Exercise: Exactly the lines from the one containing "螺溪镇道路两旁的紫荆花盛开。" through the one containing "6月7日上午,代表团一行访问" in the listing below are to be copied, with the pictures left out.

Record excerpts:
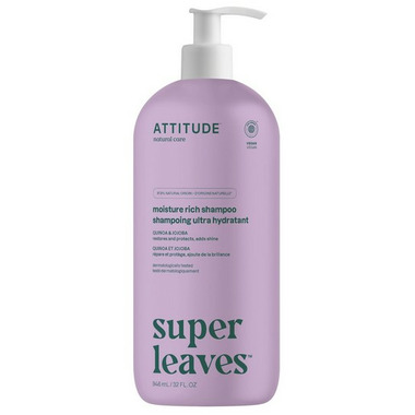 ATTITUDE Super leaves Moisture Rich Shampoo combines the repairing power of quinoa with jojoba proteins, which helps to repair, moisturize and protect the hair. Ideal for dull and dry brittle hair, this shampoo helps to add shine and provide hydration to brittle locks.
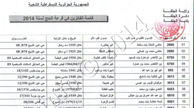 تنشر جريدة "الجلفة إنفو" الإلكترونية نتائج عملية قرعة الحج التي أجريت صبيحة اليوم السبت بقاعة سينما الكواكب -سابقا، و المتعلقة ببلدية الجلفة، حيث ضمت القائمة 80 فائزا لأداء فريضة الحج لموسم 2014 بالإضافة إلى 08 أسماء في القائمة الإحتياطية..يرجى النقر على الصور لمشاهدة أوضح يرجى النقر على الصور لمشاهدة أوضح
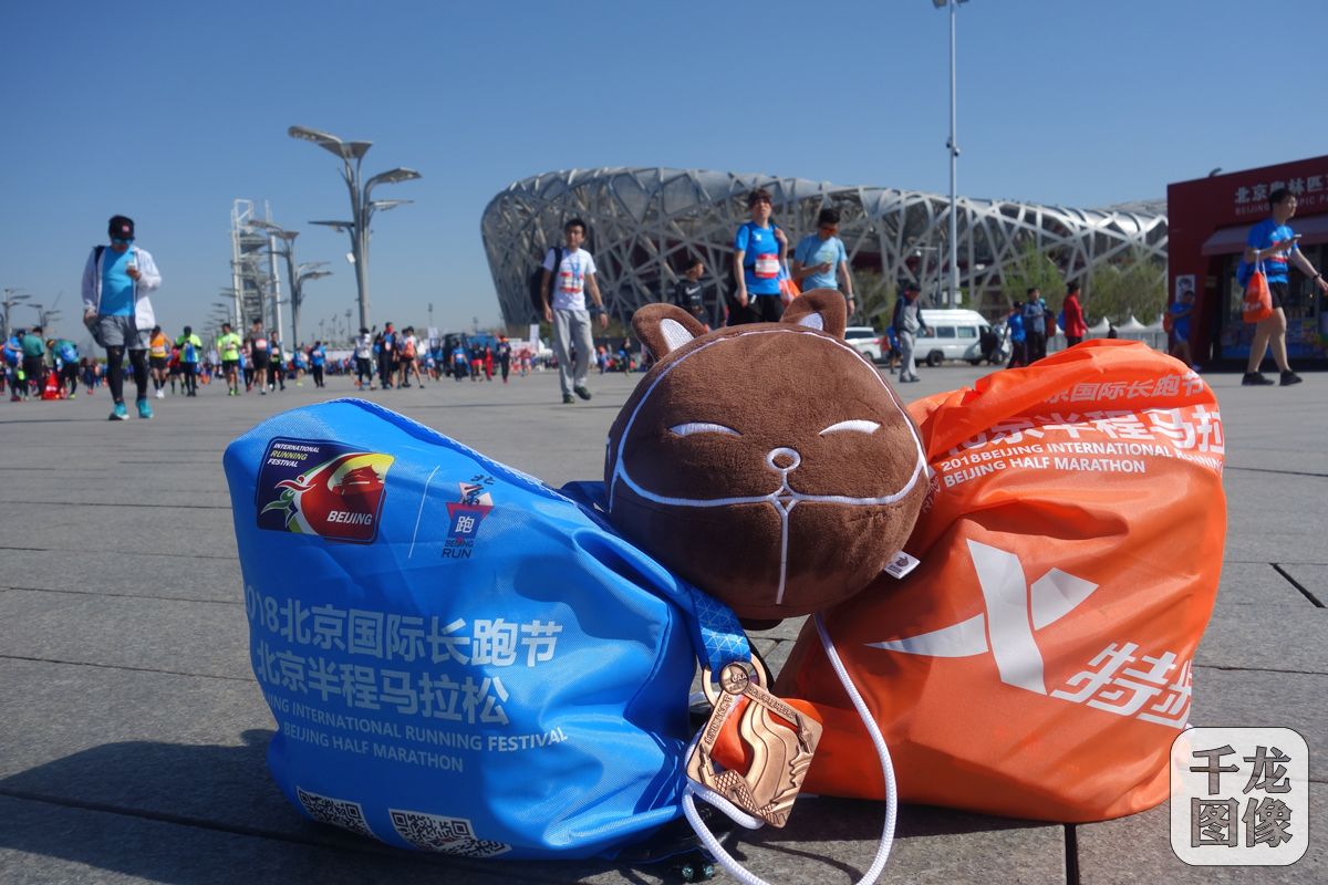 4月15日,2018北京国际长跑节·北京半程马拉松鸣枪。本次比赛设半程马拉松和家庭亲子跑两个项目,分别在天安门广场和奥林匹克公园中心区同时出发。图为千龙兔爷和完赛包、参赛包以及奖牌合影。千龙网记者 黄业摄
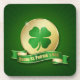 St. Patrick's Day illustration featuring a golden coin with shamrock and a ribbon displays "Happy St. Patrick's Day" in modern bold gold letters on an elegant green background.
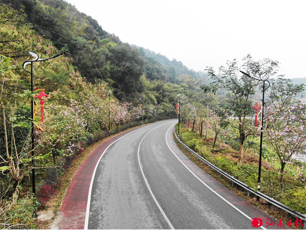 螺溪镇道路两旁的紫荆花盛开。
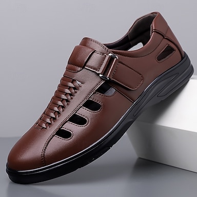 Brune sandaler i kunstskinn for menn – komfortable strandsko med åpen tå for reiser, turgåing og utendørsaktiviteter om sommeren
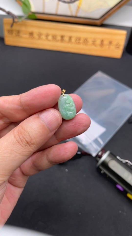 Jadeite Ruyi Pendant 18K Gold Total Weight Approx. 1.3g
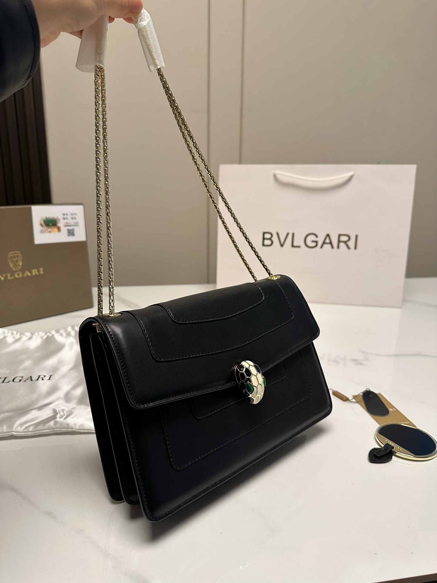 The SERPENTI FOREVER series small crossbody bag, made of black calfskin, reinterprets timeless charm with exquisite colors and materials.
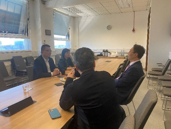 6月7日上午,代表团一行访问利兹大学,与利兹大学常务副校长HaisuiYu院士进行深入会谈并签署校际合作备忘录。双方表示两校作为长期合作伙伴,在科学研究、人才培养等诸多领域开展了合作,后续将进一步通过两校联合,优势互补,重点推动自动化、机械工程、历史学、创意写作、工程物理等领域合作。
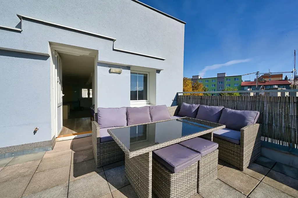 Dominantou bytu je prostorná terasa o rozloze 36m², ze které je nádherný výhled na velkou část Plzně.
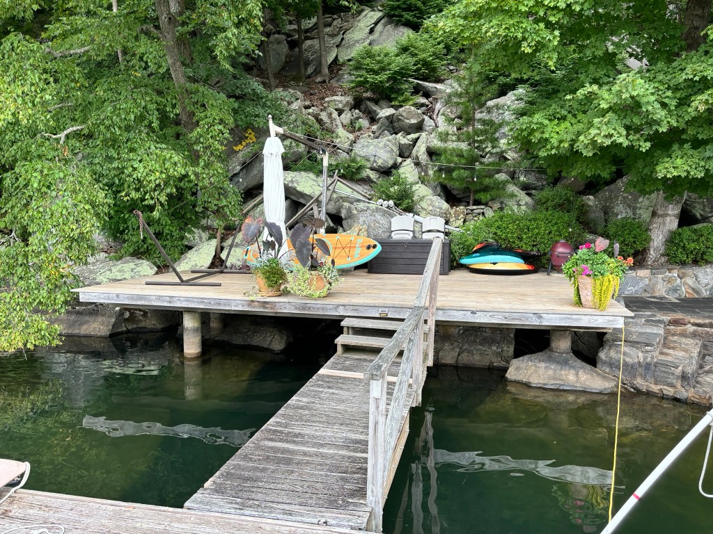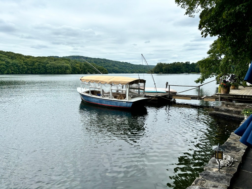 Patti’s friend Mary was a neighbor of hers from Rhinebeck, but now had boyfriend Matthew and they were spending most of their time at this lake house. The house (which was gorgeous), was up the cliff from the lake, but after you descended a bazillion stairs, you found yourself on a lakeside deck with a dock, a utility house, tables, chairs, a grill and a boat!
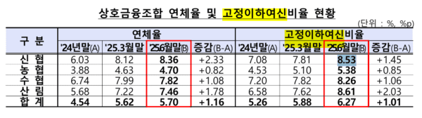 반면 상호금융은 지방 부동산시장 부진의 영향으로 고정이하여신비율이 7.19%에서 7.40%로 상승했다. 올해 6월 말 기준 5대 상호금융의 고정이하 여신비율은 농협 5.38%, 신협 8.53%, 수협 8.26%, 산림조합 8.61%, 새마을금고 10.73%%로 집계됐다.
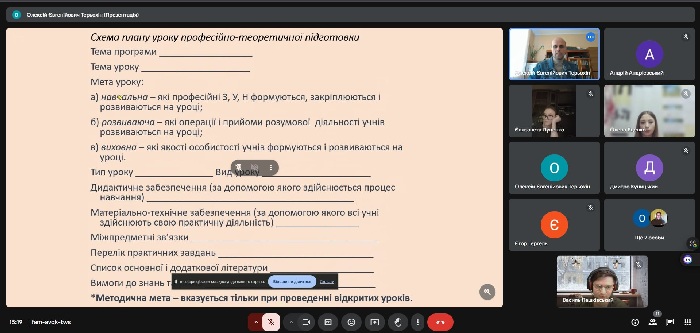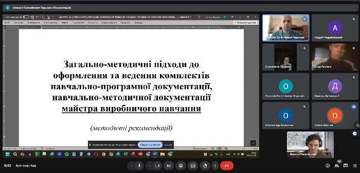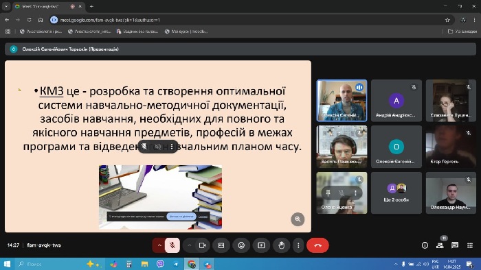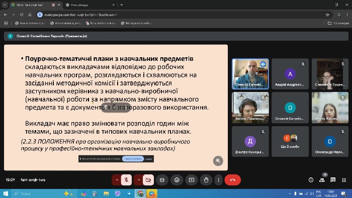 Олексій Євгенійович презентував загально-методичні підходи до оформлення комплектів навчально-програмної документації та навчально-методичних матеріалів майстра виробничого навчання.
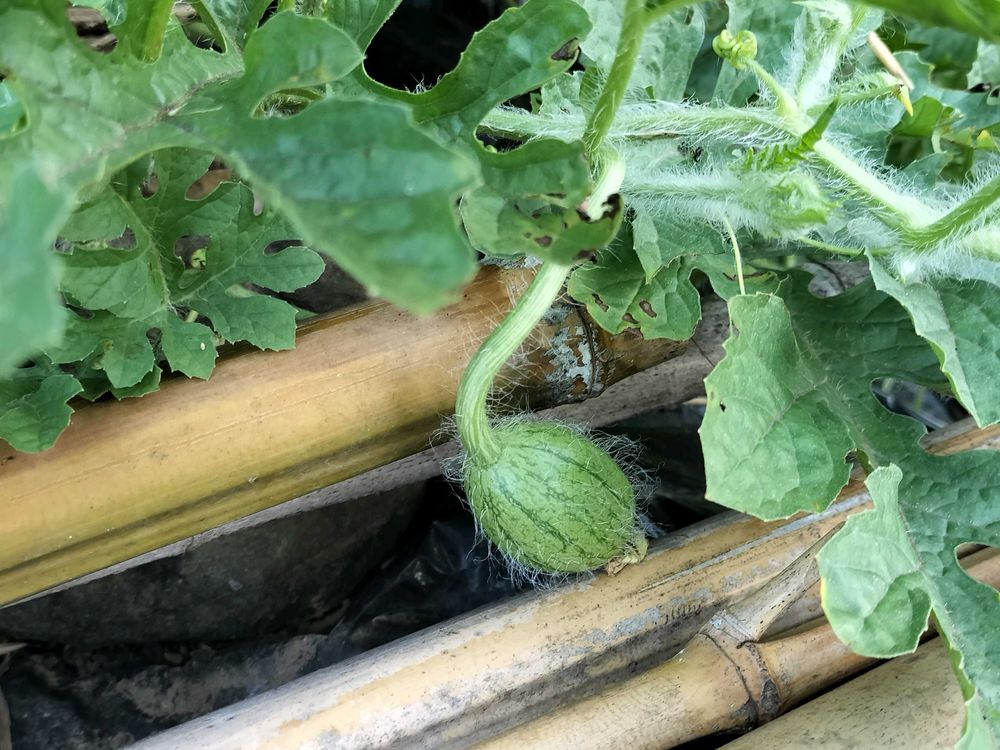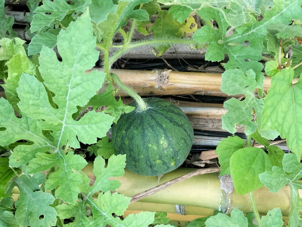写真に撮ってるたらなんだかすごくよくできてるみたいに見えるけどまだまだ小さいスイカ。

Result of the task:
 螺溪镇道路两旁的紫荆花盛开。
 Brune sandaler i kunstskinn for menn – komfortable strandsko med åpen tå for reiser, turgåing og utendørsaktiviteter om sommeren
 Jadeite Ruyi Pendant 18K Gold Total Weight Approx. 1.3g
 The SERPENTI FOREVER series small crossbody bag, made of black calfskin, reinterprets timeless charm with exquisite colors and materials.
 6月7日上午,代表团一行访问利兹大学,与利兹大学常务副校长HaisuiYu院士进行深入会谈并签署校际合作备忘录。双方表示两校作为长期合作伙伴,在科学研究、人才培养等诸多领域开展了合作,后续将进一步通过两校联合,优势互补,重点推动自动化、机械工程、历史学、创意写作、工程物理等领域合作。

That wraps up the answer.